Extracted data entries:

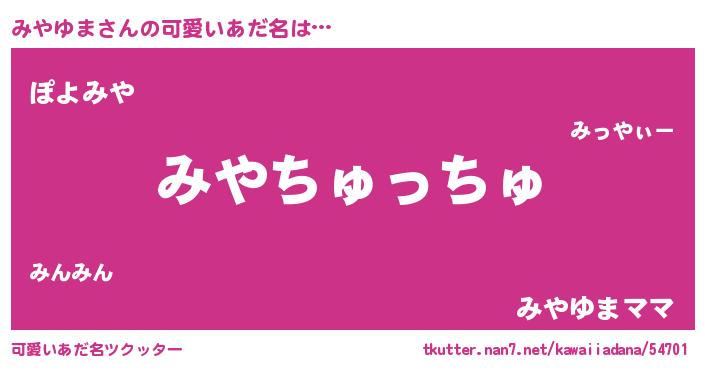 | ヘコむあだ名 | 『みやゆま(苦笑)』『みや太郎』 |
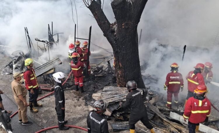 Kabarminang — Tiga bangunan terbakar di tepi banda bakali di Kelurahan Alai Parak Kopi, Kecamatan Padang Utara, Kota Padang, terbakar pada Selasa (4/11) sore.
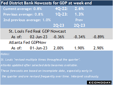 In the absence of significant data, Fed policymakers will heave a sigh of relief that a debt limit breach was averted and no longer weighs on the outlook for the economy or monetary policy. The May employment numbers, headlined by a strong 339,000 rise in nonfarm payrolls but balanced by a sharp uptick in unemployment to 3.7 percent, are consistent with a labor market that is reestablishing more balanced conditions while remaining able to absorb new workers, or offer possibilities to workers looking for new opportunities. Rising gasoline prices are an unwelcome reminder that inflation has not been tamed and will keep consumer confidence readings on the pessimistic side. Consumers and businesses will not be happy about tightening financial conditions and higher borrowing costs, but this doesn’t seem to be severely impacting spending.
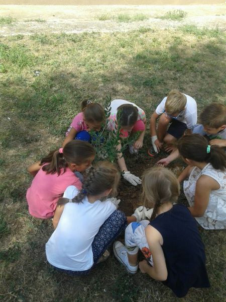 Učenici naše škole svojim su likovnim i literarnim radovima obilježili Međunarodni dan mira, a na osobito lijep i koristan način učinili su to i članovi Cvjećarske sekcije. Sa svojim učiteljicama Angelom Dodig i Slađanom Pehar, voditeljicama sekcije, u školskom su dvorištu zasadili stabla masline, koja je stablo mira.
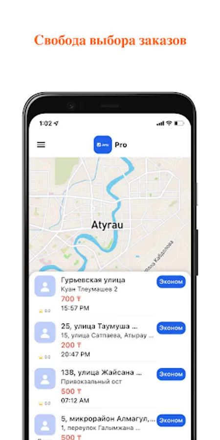 - You automatically receive orders from those users who are closest to you. Jetu Pro distributes orders so that there is less downtime and more earnings.
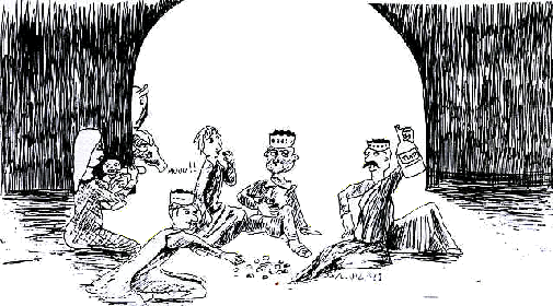 comer e a beber, à volta das fogueiras.

• **WHAT TO DO**
Copy nothing past the line containing "Kabarminang — Tiga": reproduce every line from the start of the records up to it, skipping pictures.

• **ANSWER SECTION**
 | ヘコむあだ名 | 『みやゆま(苦笑)』『みや太郎』 |
 Kabarminang — Tiga bangunan terbakar di tepi banda bakali di Kelurahan Alai Parak Kopi, Kecamatan Padang Utara, Kota Padang, terbakar pada Selasa (4/11) sore.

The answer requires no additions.